Spykman’s concept elaborated that the landlocked states faced security challenges from their immediate neighbors. Island states mostly had to face pressure from other naval powers; however, if such Islands were offshore states, like Great Britain and Japan, they could most likely face security challenges from other coastal powers. Therefore, to counter such challenges, offshore island states strived to conquer or colonize coastal areas, so as to maintain coastal buffer states and support a balance of power between continental powers. Thus, both land and sea frontiers determined their principal security strategy.

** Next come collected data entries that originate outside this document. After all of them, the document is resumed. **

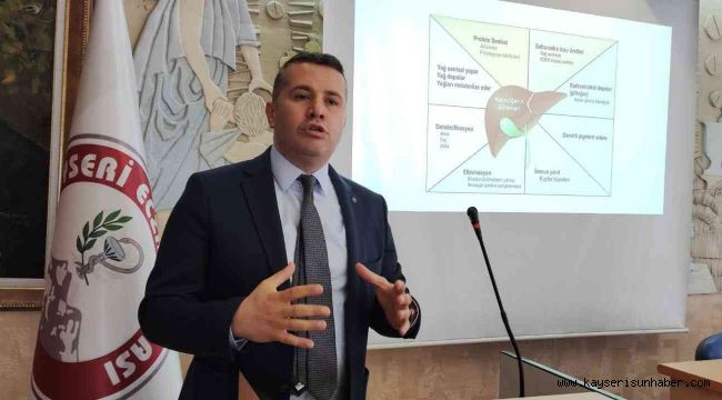 Eczacılar Odası Konferans Salonu'nda gerçekleşen programa, Kayseri Eczacı Odası Başkanı Uğur Nuri Akın, Memorial Kayseri Hastanesi İç Hastalıkları Uzmanı Doç. Dr. Türkmen Bahadır Arıkan ve eczacılar katıldı. Karaciğerin kendi hücresinden oluşan tümörlerin yüzde 80 oranında karaciğerin sağlıksız olmasından kaynaklandığını söyleyen İç Hastalıkları Uzmanı Doç. Dr. Türkmen Bahadır Arıkan, "Karaciğer vücudun sağ üst kadranında ortalama olarak 1 buçuk kilo ağırlığında bir organdır. Vücudun biyokimyasal fabrikasıdır diyebiliriz. Karaciğerimiz, şekerin ilk 24 saat içerisinde kana salınımını yapar. Aminoasitten şeker, şekerden aminoasit ve glikozdan yağların birbirine dönüştürülmesi karaciğer tarafından yapılmaktadır. Birçok ilacın metabolizması karaciğerde olmaktadır. Toksinlerin daha az zararlı toksinlere çevrilmesi ve atılması yine karaciğer tarafından gerçekleştirilmektedir. Özellikle albümin gibi proteinlerin yapımı da karaciğerde bulunmaktadır. Bir diğer önemli fonksiyonu da kanda pıhtılaşmayı sağlayan proteinlerin yapımının da yine karaciğer tarafından gerçekleştirilmesidir. Sirozda karaciğer çalışmamaktadır. Karaciğer çalışmadığı zaman proteinler üretilememekte ve vücutta sıvı toplanması olmaktadır. Proteinleri üretemediği için amonyak birikimi olmaktadır. Bundan dolayı da kanamaya eğilim artmaktadır. Çünkü pıhtılaşma proteinlerini yapamamaktadır. Karaciğer kitleleri iyi huylu ve kötü huylu olmak üzere 2'ye ayrılır. İyi huylu karaciğer kitleleri hemanjiyom, adenom ve fokal nodüler hiperplazi dediğimiz 3 sıkça görülen kitledir. Hemanjiyom, fokal nodüler hiperplazi dediğimiz kitleler önemli bir sıkıntı oluşturmazlar. Sadece bunları diğerlerinden ayırmak için önemlidirler. Adenom dediğimiz iyi huylu kitle ise kadınlarda sıklıkla gözlenir. Bunun hem kanama hem de kansere dönüşme tehlikesi vardır. O yüzden karaciğerdeki kitlelerin en azından adının değerlendirilmesi son derece önemlidir. Karaciğer kanserinin şikayetleri kilo kaybı, sağ üst kadranda ağrı, eğer ki safra yollarına baskı varsa sarılık olabilir. Bu şikayetlerle gidilen bir doktorda ultrason veya tomografi görüntülemesiyle kanseri çağrıştıran bir görsel göz önüne geliyorsa biz bunları malign kitleler olarak değerlendiriyoruz. Karaciğerin kendi hücresinden kaynaklı olan tümörler yüzde 80 oranında karaciğerin sağlıksız olmasından kaynaklanıyor" ifadelerini kullandı. Karaciğerde olduğu gibi pankreasta da hastalıkların iyi ve kötü huylu olarak ikiye ayrıldığını ifade eden Arıkan, sözlerine şu şekilde devam etti;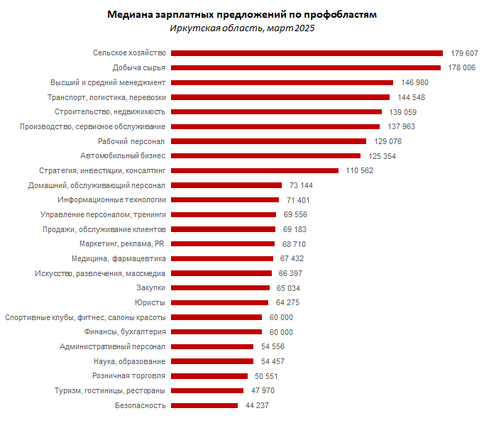 На первом месте по уровню предлагаемых зарплат на конец марта – начало апреля 2025 года в Иркутской области оказались аграрии – в среднем им предлагают 179,6 тыс. рублей. На втором месте – специалисты из добывающей сферы с зарплатой в 178,0 тыс. рублей, на третьем – представители высшего и среднего менеджмента, которым предлагают 147,0 тыс. рублей.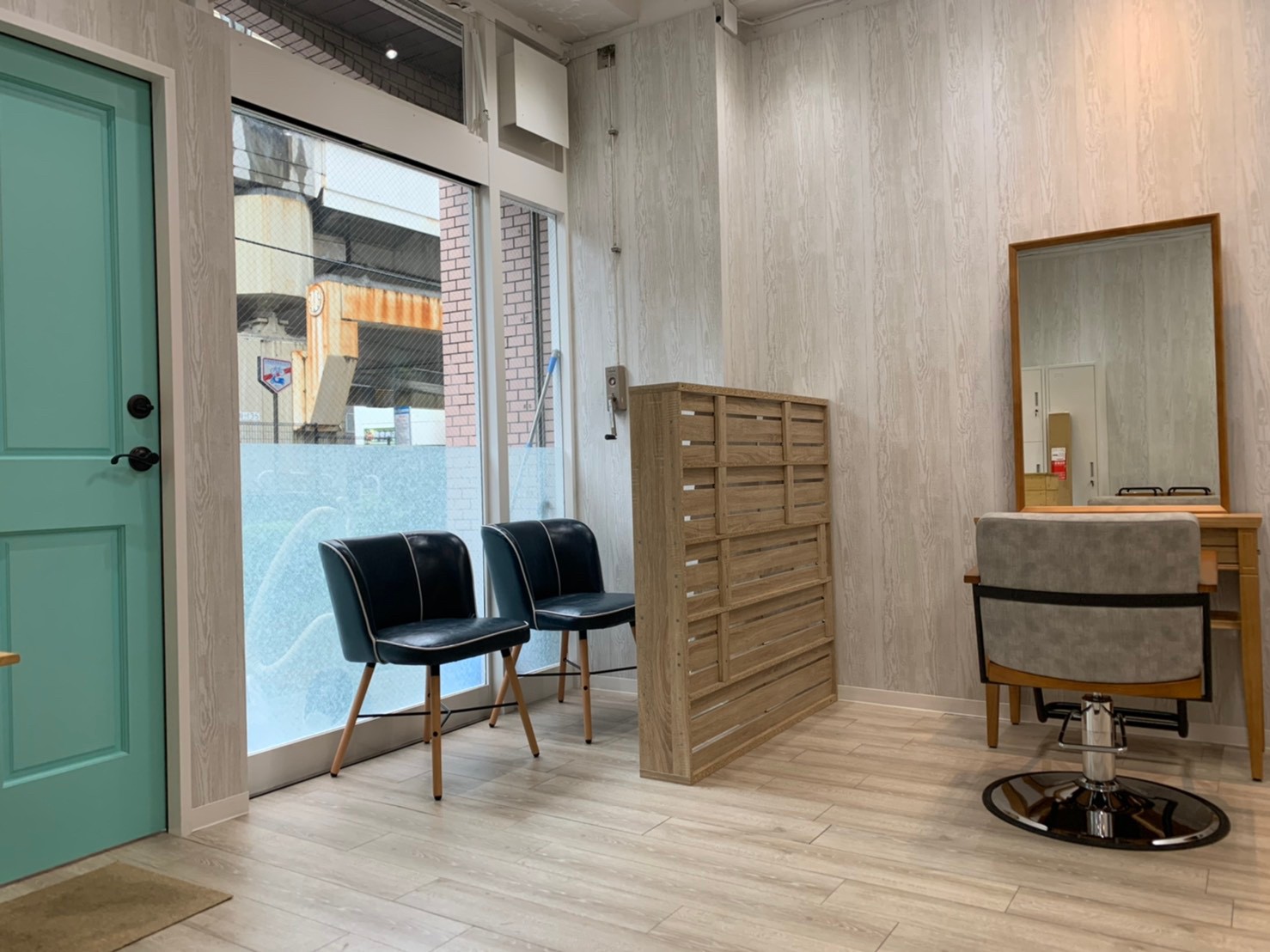 横浜市中区にオープンした「〜hono〜 hairsalon」様。 白い木目を基調にブルーのポイント使いでカルフォルニア風のデザインに。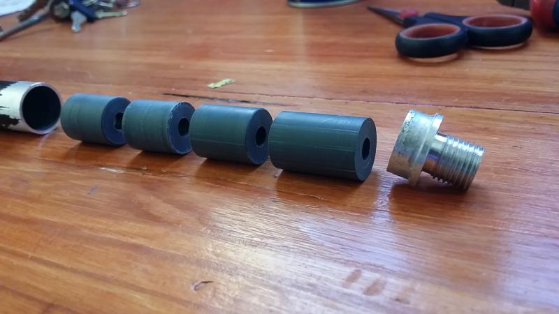 Adaptador de 1/2" unf para tubo de 20 mm y bafles, mas el tubo tipo bullbarrel.Esto se hizo para una hatsan at44 bullpup. Todo 35 eur portes incluidos.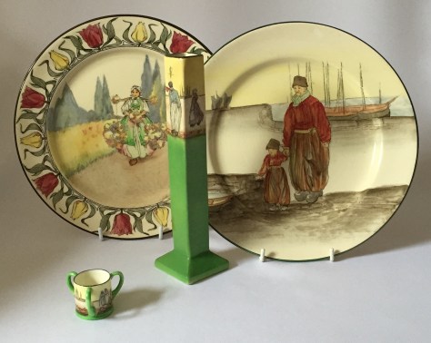 Equally charming are the two seriesware plates at the top of the page, with a deco Doulton figure named Derrick also in Dutch dress.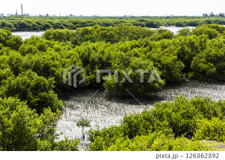 View of the Beimen Mangrove Ecological Reserve in Tainan, Taiwan. mangrove is a shrub or tree that grows mainly in coastal saline or brackish water.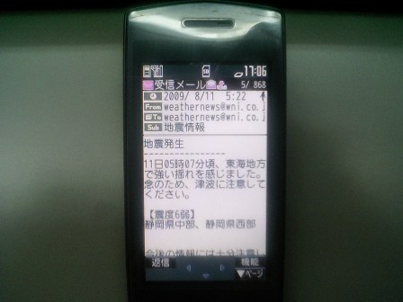 昨夜からあまり体調が思わしくなかったため9時前には寝てしまっていて今朝は5時前に起床大雨も台風も思ったほどではなかったのでホッとしましたが地震にはびっくり日曜日の夜に続いてだったので地震が起こると携帯にメールが来るように(仕事上)設定しているんですが震度を見てまたびっくり(今回は県内震度3のため出動はなし)通常は発生して2・3分で来るんですがタイムラグがありすぎでそれだけ情報収集に時間がかかったんでしょうか私も震度5は体験したことありますが(本当に立ってられないです 物は落ち放題です)震度6となるとどんな状態なのか・・・被害にあわれた方にはお見舞い申し上げます高速道路も路肩崩壊で通行止め、一日も早い復旧を願います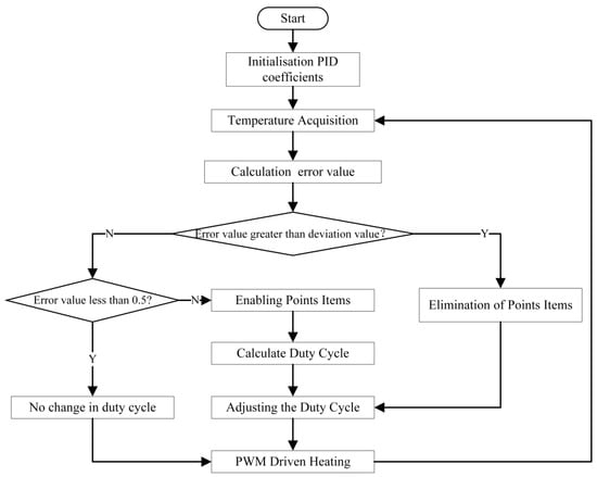 In practical applications, temperature data sampling occurs at discrete intervals, and the collected data are discrete values. Additionally, the data has storage limitations, making older data less valuable for reference. Due to the integral action, significant errors can lead to system output overshoot, causing temperature oscillations around the target value. When system errors are small, relying solely on proportional and derivative control often fails to eliminate the error quickly, which affects the system’s response speed and accuracy [30,31]. Therefore, in this design, the main record of an integral part of the deviation value within a certain period, and to improve the system’s stability and response speed, the integral separation PID control algorithm is used. Equation (9) indicates that when the system error is large, the integral control part is canceled, and only the proportional and differential control are retained to avoid the overshoot caused by the integral action. When the error is small, the integral control is reintroduced to reduce the static error and improve the system stability [32,33]. The flowchart of the improved PID formulation can be represented in Figure 6.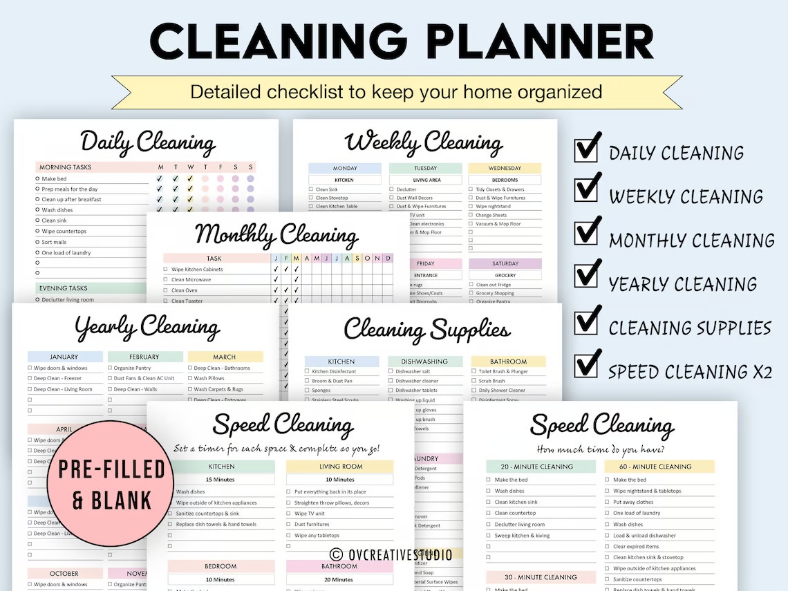 ✔ Daily, Weekly, Monthly, and Yearly Cleaning Schedules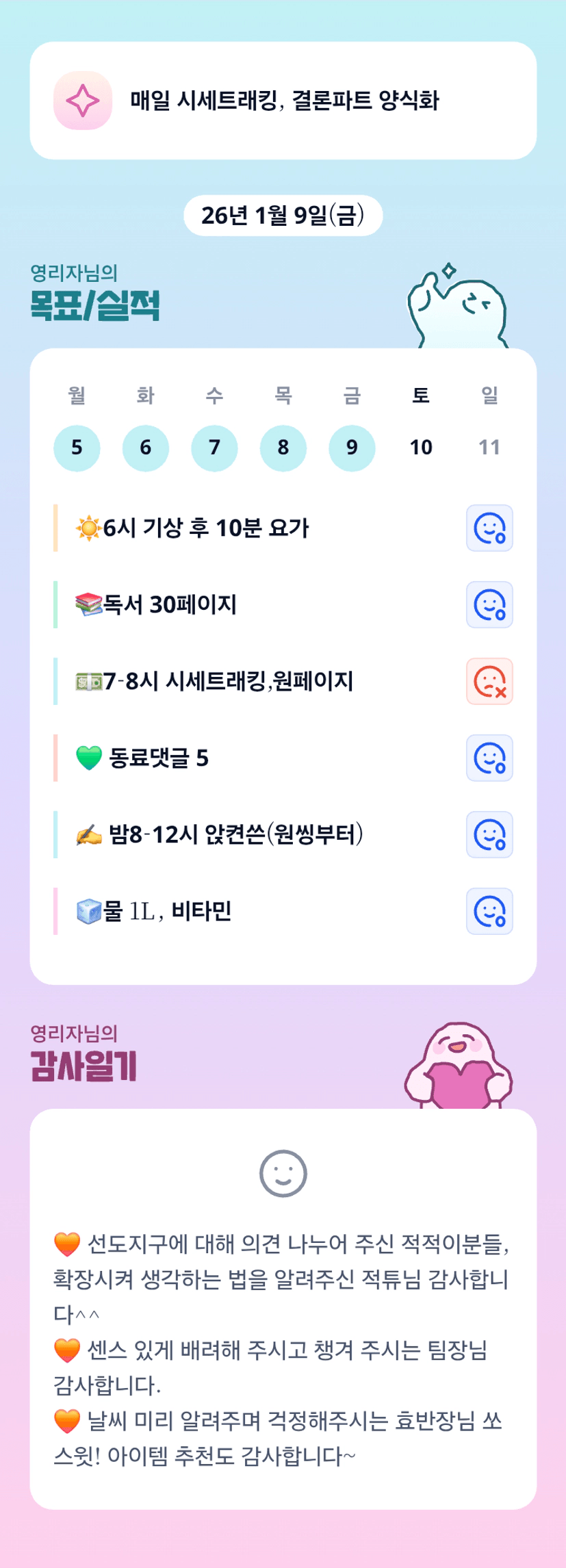 조장님 ㅎㅎ 저녁 7시부터 12시까지 하루 5시간 루틴세팅 넘 멋지셔요ㅎㅎ 화이팅!!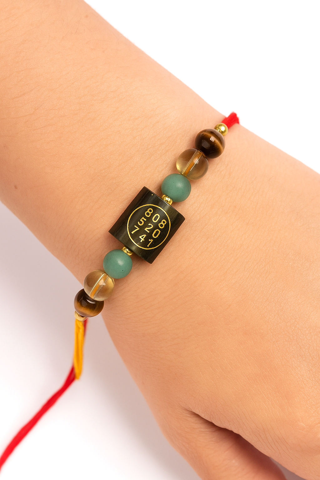 The Natural Pyrite Zibu Crystal Rakhi beautifully combines crystal energy with the spiritual power of sacred Zibu symbols—angelic signs known to represent healing, love, peace, and divine connection. When worn as a Rakhi, it transforms into a sacred thread that radiates positive energy, emotional strength, and protection. Each symbol on the Rakhi carries its own vibrational message, helping the wearer feel guided, supported, and spiritually connected. Ideal for brothers who appreciate meaning beyond tradition, this Rakhi strengthens the emotional bond between siblings while offering peace, clarity, and energetic harmony. Whether tied with intention or kept as a talisman, the Zibu Crystal Rakhi is a thoughtful blend of beauty, spirituality, and unconditional love.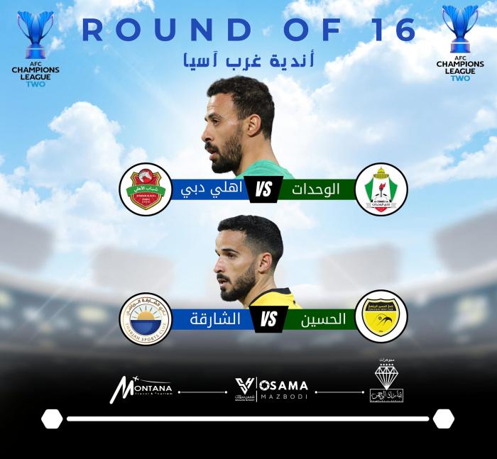 الراي نيوز -  أفرزت قرعة الدور ثمن النهائي من دوري أبطال آسيا 2 صباح الخميس، عن لقاء الوحدات نظيره شباب الأهلي دبي الإماراتي، فيما يواجه الحسين إربد نظيره الشارقة الإماراتي.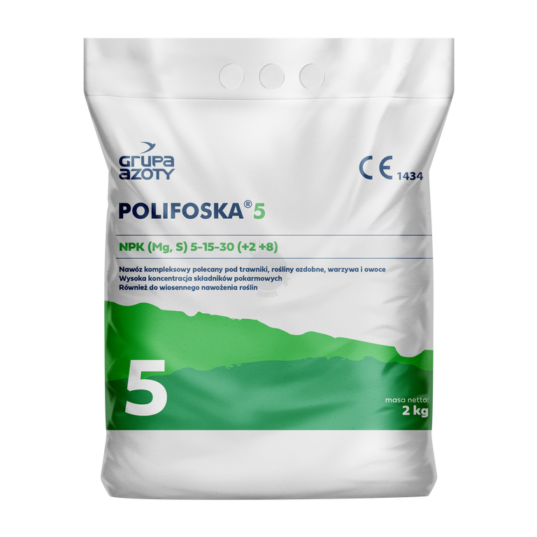 Polifoska 5 to granulowany nawóz mineralny przeznaczony do nawożenia szerokiego zakresu roślin – zarówno ozdobnych, jak i użytkowych. Produkt doskonale sprawdza się pod wszystkie rośliny uprawne niewrażliwe na chlor. Może być stosowany przed siewem lub sadzeniem, a także pod rośliny już rosnące. Dzięki odpowiednio dobranym proporcjom składników pokarmowych korzystnie wpływa na rozwój systemu korzeniowego, wzmacnia odporność roślin na niskie temperatury i podnosi jakość oraz wielkość plonów.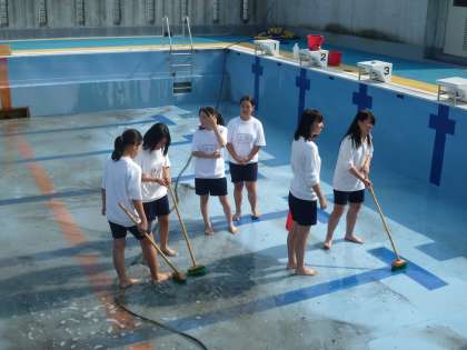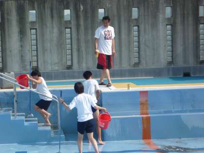 雨も朝には止み,プール清掃の時には暑いくらいでしたのでみんな,水をつかえて気持ちよさそうでした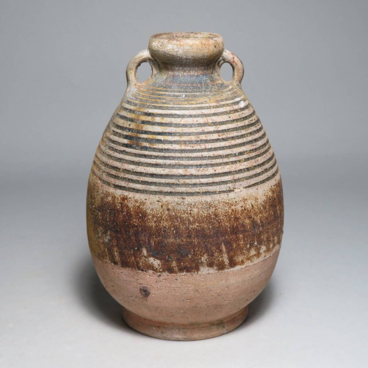 - 「都内コレクター所蔵品」タイ スコータイ時代 カロン窯 双耳瓶 壷 宋胡録 タイ スワンカローク窯 東南アジア古陶器lot:103013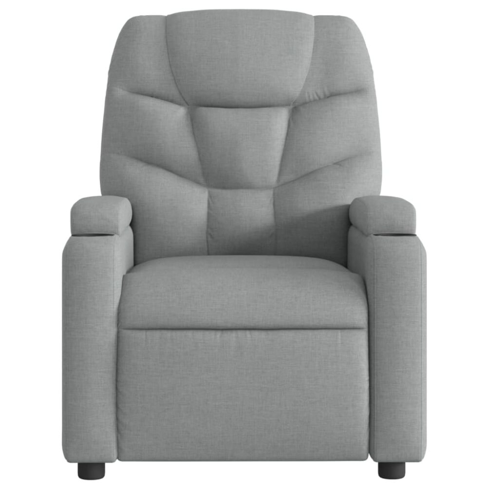 Sente-se e relaxe nesta poltrona de massagens reclinável elétrica altamente confortável! Função de reclinação elétrica: esta poltrona reclinável está equipada com um motor elétrico que permite ajustar automaticamente o encosto e o apoio de pés para qualquer posição, de acordo com as suas necessidades de conforto, com um simples toque no botão existente na parte lateral. Este recurso permite uma inclinação máxima de 135 graus. Além disso, o encosto pode voltar para a posição original rápida e facilmente se premir o botão.Função de vibração: os 6 pontos de massagem permitem que experiencie uma massagem mais bem orientada. O controlo manual incluído permite-lhe ainda escolher diferentes programas de massagem. A função de massagens é alimentada pelo conector USB que exige uma fonte de alimentação USB certificada de 5V (não incluída).Experiência de assento confortável: o assento e encosto espessamente acolchoados e os apoios de braços largos cobertos de tecido proporcionam uma sensação quente e aconchegante, fazendo-o sentir-se abraçado enquanto está sentado. O tecido apresenta um aspeto simples e liso, sendo também respirável e durável.Suportes de copos e bolso lateral convenientes: esta poltrona possui dois convenientes suportes de copos para as suas bebidas e um bolso lateral para manter os seus artigos essenciais ao alcance.Estrutura sólida e estável: a estrutura feita de madeira e metal proporciona uma estrutura forte e estável. Esta poltrona reclinável é confortável e durável.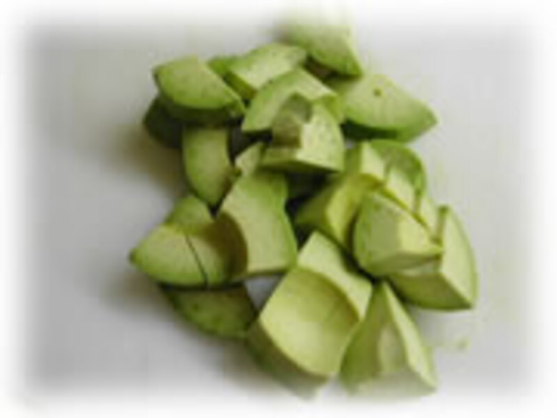 | 1・アボカドは皮と種を取り除き1cm位に切っておきます。 |

Spykman’s theory is the most pertinent of the geopolitical theories mentioned above; particularly, in the light of rise of China and its endeavors to control the Rimland, while the efforts of other countries to stop China from doing so. China’s Belt and Road Initiative is an effort to dominate both the sea coasts and the land. China’s growing influence in South China Sea, and Indian Ocean are significant to consider in this regard. China has increased its presence in South China Sea and it is striving to make an impact in the Indian Ocean through China Pakistan Economic Corridor (CPEC). CPEC can ensure Chinese trade through Pakistan’s Gwadar Port with the Middle East and African countries, with much lesser costs that the routes through South China Sea, thus, giving China an alternative in its Rimland dominance. So as to counter the same, the US has been strengthening its military presence around the Indian Ocean chokepoints so as to keep a check on Chinese dominance. It has also formed close relations with India for the same purpose and keeping the balance of power in the South China Sea not to let the Rimland fall to the absolute Chinese control. In the light of above discussion, it can be said that Spykman’s Rimland theory is still of major significance in the international relations, both for its practitioners and its analysts.